Passing It On
Thinking Across Generations about Money, Time and Purpose
Passing It On: Thinking Across Generations about Money, Time, and Purpose
Prologue
This post is a draft introduction of my book in progress. It’s the first of a series of postings related to the book, and to thinking more broadly about family and economic life. Consider it a thesis statement: I’ll be adding provisos and nuance in the months ahead. In the meantime, comments are welcome. Feel free to share this post with anyone who you think would profit from it.
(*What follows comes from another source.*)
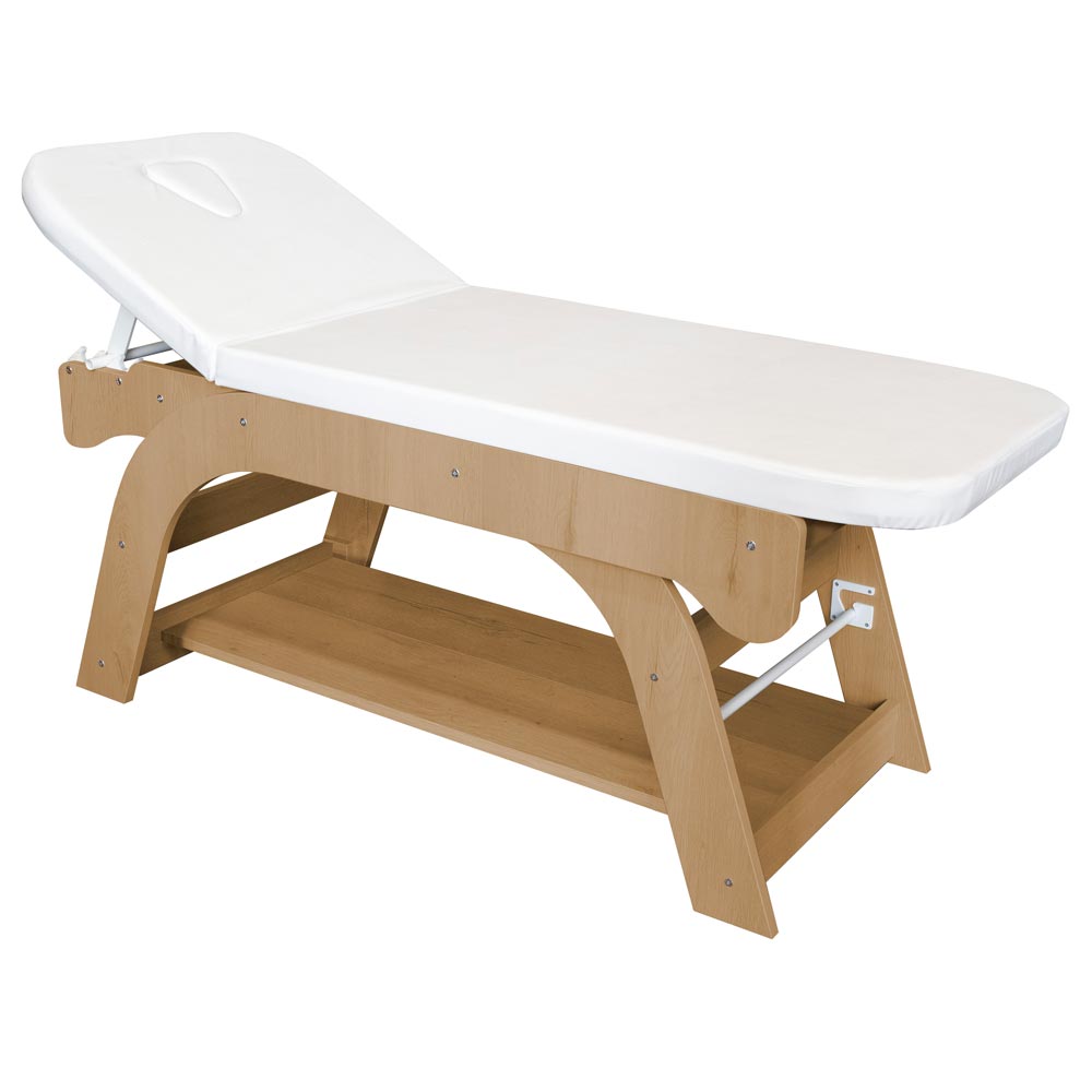 Ampio piano d’appoggio inferiore. Materasso ad alta densità per una sensazione di massimo comfort con foro facciale. Testiera regolabile manualmente.Fornito di portarotolo. Portata max 200 kg.

And if it piques your interest, subscribe to my Substack -- for free if you want to be sure to get your money’s worth; for $80 if you want to help me support my grandchildren.
Future postings on this topic (about one every other week, usually on Thursdays) will include:
How Not to Think about Having Children
The Family Under Capitalism: A Brief Overview
Is Capitalism Biologically Self-Undermining?: Revisiting an Interwar Argument
The XX Factor: The Changed Position of Women
Clashing Time Frames: Women’s Bodies and Men’s Obliviousness
Passing on Culture: The Rich Possibilities of Raising Cultured Kids
Work from Home: Costs and Benefits
I’ll be posting on other topics as well.
Passing It On: Thinking Across Generations about Money, Time, and Purpose
One thing in life is certain: you’re going to die. Oddly enough, that fact can be liberating. Remembering that life has an endpoint helps you live it so that it has a point—a direction, a storyline, something more than a string of disconnected “experiences.” To have grandchildren is to know that your life has gone somewhere, that it extends beyond the tight circle of the self. Grandchildren create a sense that your life has continuity and consequence.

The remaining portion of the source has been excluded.